**Task to complete:** Beginning with the line of the entries below that holds "A cartoon hand" and ending with the line that holds "- Left image", transcribe each line exactly as written. Pictures stay out.

**Supplied material:**

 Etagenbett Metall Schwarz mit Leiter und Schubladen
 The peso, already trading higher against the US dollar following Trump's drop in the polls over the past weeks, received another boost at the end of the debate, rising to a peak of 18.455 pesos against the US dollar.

...

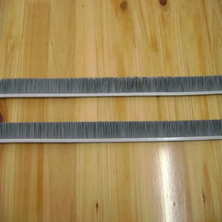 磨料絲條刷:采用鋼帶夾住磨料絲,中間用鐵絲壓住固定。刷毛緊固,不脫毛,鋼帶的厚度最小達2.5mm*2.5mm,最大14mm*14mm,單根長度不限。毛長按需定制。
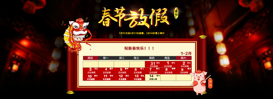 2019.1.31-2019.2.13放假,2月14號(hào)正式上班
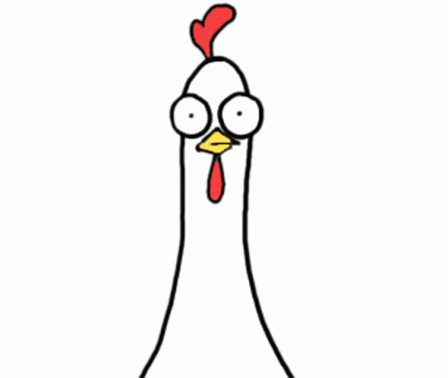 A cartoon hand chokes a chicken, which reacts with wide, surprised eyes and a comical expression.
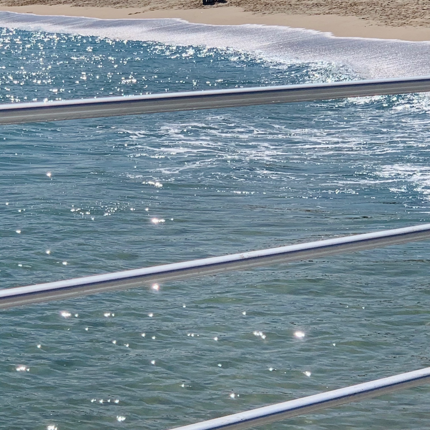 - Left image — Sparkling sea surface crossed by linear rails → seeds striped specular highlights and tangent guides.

**Solution:**
 A cartoon hand chokes a chicken, which reacts with wide, surprised eyes and a comical expression.
 - Left image — Sparkling sea surface crossed by linear rails → seeds striped specular highlights and tangent guides.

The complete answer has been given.